DATA TO PROCESS:
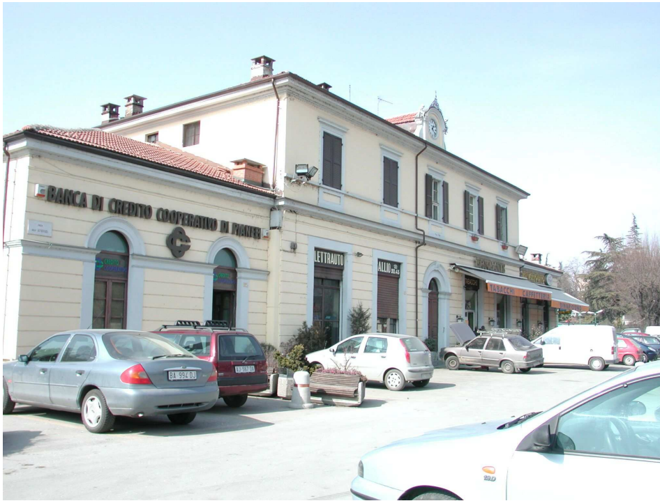
FIGURA 5: Fabbricato Viaggiatori fronte strada

L'orditura è in legno ed il manto in tegole marsigliesi. Nella parte alta del fabbricato principale c'è un timpano con un orologio. Il fabbricato è stato oggetto di un intervento di ristrutturazione e/o manutenzione: le condizioni di conservazione sono molto buone rispetto a fabbricati analoghi e di medesimo periodo. Le facciate sono intonacate con un colore giallo paglierino.
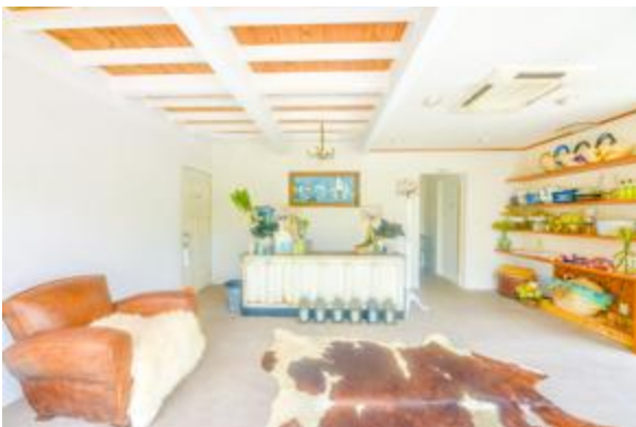
RECEPTION & SHOP
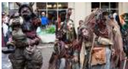
Monstrueux TROLLS : Créatures des Jeux de Trônes, Donjons, Dragons et Héroïc Fantasy
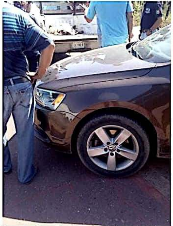
Ayer a la altura del puente de Barra de Santana, un hombre de 80 años de edad, falleció a bordo de esta camioneta en que sus hijos lo trasladaban de Acalpican de Morelos a LC, para que recibiera atención médica, tras ser atacado por un enjambre de abejas.

El Congreso del Estado de Michoacán reprueba tajantemente los hechos ocurridos y hace votos para que pronto se restablezca la paz social en el Estado.
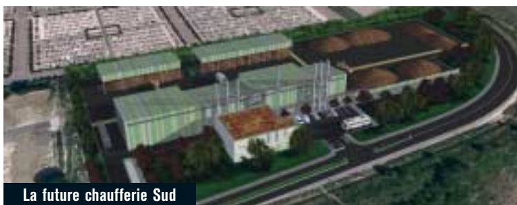
La future chaufferie Sud
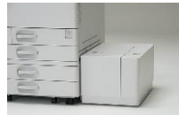
1000枚給紙と1600枚給紙トレイ
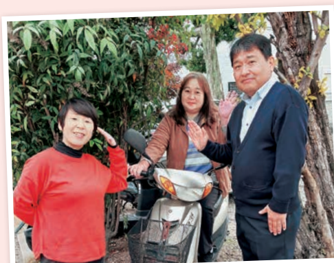
ケアサポート今津
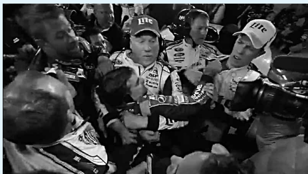
Muito empurra-empurra, socos e pontapés protagonizados por pilotos insatisfeitos

gundo e terceiro, respectivamente. Foi então que depois do fim da corrida, o tetracampeão Gordon parou o carro ao lado do de Keselowski - campeão de 2012 - no pit lane e foi tirar satisfação por causa do encontro. Jeff tentava partir para a briga e era impedido pelos mecânicos quando, pelo outro lado, Kevin Harvick empurrou Keselowski e desencadeou uma pancadaria generalizada, envolvendo pilotos e mecânicos. Depois da troca de agressões, Keselowski e Gordon apareceram com cortes na boca.
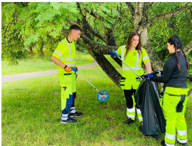
Feriearbetare som städar i strandnära områden.

Under året har även strandstädningar arrangerats i Karlskrona skärgård och Hällaryds skärgård för allmänheten och föreningens biosfärambassadörer. Ett gemensamt strandstädningsevent genomfördes med Sölvesborgs kommun, Sölvesborg Mjällby Sparbank samt Mjällby AIF i maj.
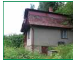
Chata 2+1 s verandou, Nedvědice Okres Brno - venkov, Nedvědice. Prodej zděné chaty 2+1 s prosklenou verandou. Zastavěná plocha 50 m 2 , zahrada 727 m 2 . Zavedena elektřina, topení na tuhá paliva, voda pouze užitková, pitná studánka. 800 000 Kč ☎ 775 187 934
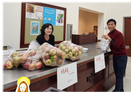
성모회 사과 판매
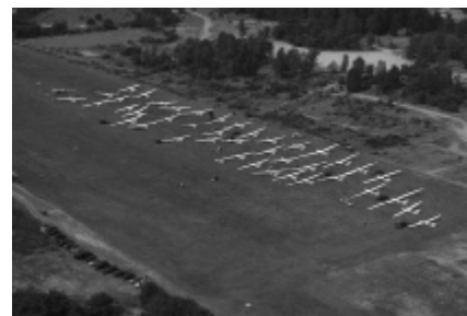
Startplaats Keiheuvel cup 2008
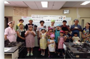
いきいきセミナー・パパと料理
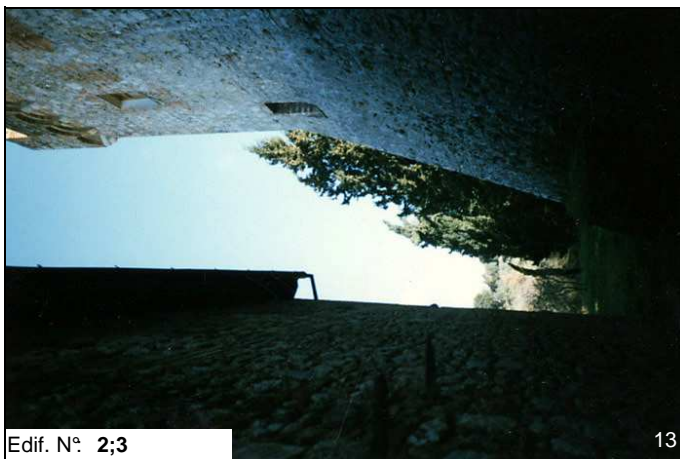
Edif. N° 2;3
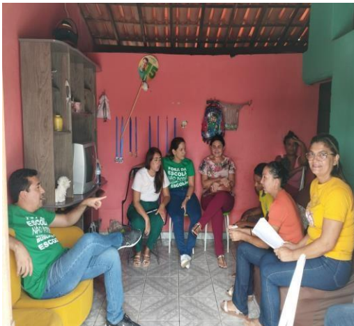
ANEXO: VISITA AS FAMÍLIAS (FEVEREIRO/2025)
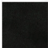
▲ Storm coal

INSTRUCTIONS TO FOLLOW: Give all the lines above again, character for character, without pictures.

TASK OUTPUT:
FIGURA 5: Fabbricato Viaggiatori fronte strada

L'orditura è in legno ed il manto in tegole marsigliesi. Nella parte alta del fabbricato principale c'è un timpano con un orologio. Il fabbricato è stato oggetto di un intervento di ristrutturazione e/o manutenzione: le condizioni di conservazione sono molto buone rispetto a fabbricati analoghi e di medesimo periodo. Le facciate sono intonacate con un colore giallo paglierino.
RECEPTION & SHOP
Monstrueux TROLLS : Créatures des Jeux de Trônes, Donjons, Dragons et Héroïc Fantasy
Ayer a la altura del puente de Barra de Santana, un hombre de 80 años de edad, falleció a bordo de esta camioneta en que sus hijos lo trasladaban de Acalpican de Morelos a LC, para que recibiera atención médica, tras ser atacado por un enjambre de abejas.

El Congreso del Estado de Michoacán reprueba tajantemente los hechos ocurridos y hace votos para que pronto se restablezca la paz social en el Estado.
La future chaufferie Sud
1000枚給紙と1600枚給紙トレイ
ケアサポート今津
Muito empurra-empurra, socos e pontapés protagonizados por pilotos insatisfeitos

gundo e terceiro, respectivamente. Foi então que depois do fim da corrida, o tetracampeão Gordon parou o carro ao lado do de Keselowski - campeão de 2012 - no pit lane e foi tirar satisfação por causa do encontro. Jeff tentava partir para a briga e era impedido pelos mecânicos quando, pelo outro lado, Kevin Harvick empurrou Keselowski e desencadeou uma pancadaria generalizada, envolvendo pilotos e mecânicos. Depois da troca de agressões, Keselowski e Gordon apareceram com cortes na boca.
Feriearbetare som städar i strandnära områden.

Under året har även strandstädningar arrangerats i Karlskrona skärgård och Hällaryds skärgård för allmänheten och föreningens biosfärambassadörer. Ett gemensamt strandstädningsevent genomfördes med Sölvesborgs kommun, Sölvesborg Mjällby Sparbank samt Mjällby AIF i maj.
Chata 2+1 s verandou, Nedvědice Okres Brno - venkov, Nedvědice. Prodej zděné chaty 2+1 s prosklenou verandou. Zastavěná plocha 50 m 2 , zahrada 727 m 2 . Zavedena elektřina, topení na tuhá paliva, voda pouze užitková, pitná studánka. 800 000 Kč ☎ 775 187 934
성모회 사과 판매
Startplaats Keiheuvel cup 2008
いきいきセミナー・パパと料理
Edif. N° 2;3
ANEXO: VISITA AS FAMÍLIAS (FEVEREIRO/2025)
▲ Storm coal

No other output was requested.